Hacker News new | past | comments | ask | show | jobs | submit login
Exploiting Misuse of Python's “Pickle” (nelhage.com)
61 points by jahan on June 5, 2016 | hide | past | favorite | 34 comments



I'd argue that any use of pickle is a misuse of pickle. Language-specific binary serialization formats should not exist, much less be used.


While designed for Python, pickle is not language specific, there are implementations for .NET and Java that work well, for example: https://github.com/irmen/Pyrolite


What do you think of ``eval``?

I'll go ahead and keep using pickle. It makes me more productive, despite never unpickling untrusted data.

By the way, reading XML is a security risk, too...

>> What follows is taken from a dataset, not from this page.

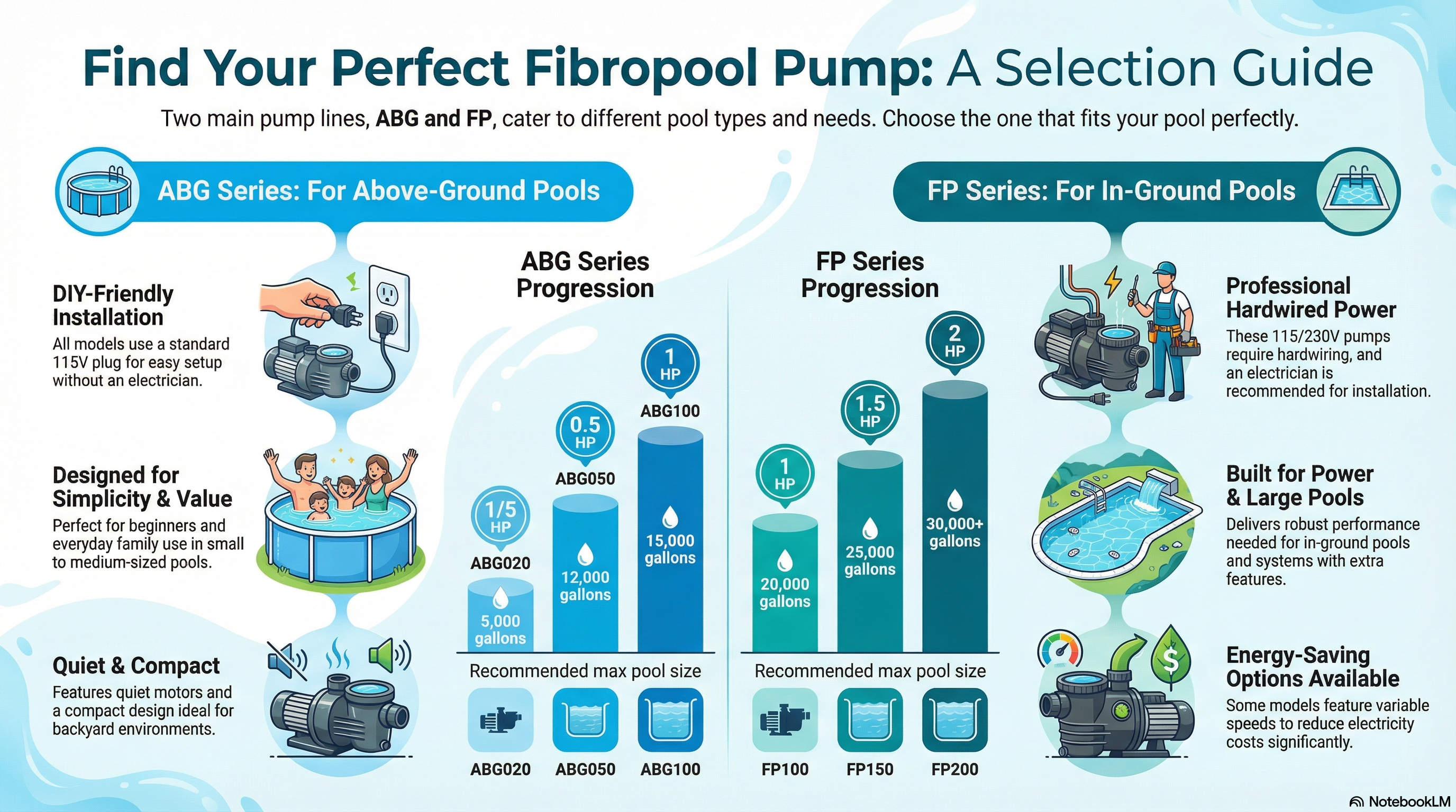 Pro Tip: For any of these models, consider upgrading to a FibroPool Variable-Speed pump — they save 50–80% on energy and automatically adjust to your exact needs. |

> What do you think of ``eval``?

Never ever.


I guess you can never make a REPL then.

Or namedtuple, one of my favorite tools.


Pickle is used in Python's multiprocessing library to communicate with other Python processes over a pipe. Seems sensible to me.


The default pickle format is not binary, though it's about as human-readable as sendmail.cf:

  >>> cPickle.dump(dict(foo=42), sys.stdout)
  (dp1
  S'foo'
  p2
  I42
  s.


What should I rely on if I want to serialize a function ?


Mu. Unask the question. Serializing a function is itself the security hole, because who knows what that function does? A function is just as possibly malicious code as whatever else you think you're using it for.


Being connected to the internet is a security hole. I'll balance security with practicality.


The GP's point is if you're doing code deserialization, the definition of security is different. The data format having RCE bugs won't be as much of a concern, while trusting the data source will be much more of a concern.


We redefine security for every project. Some projects can (de)serialize code and be secure. Others can't.


If someone is able to modify my local files and wants to change the code I'm running, what is it about pickle that makes me vulnerable? They'd already be in a position where they could change my actual code.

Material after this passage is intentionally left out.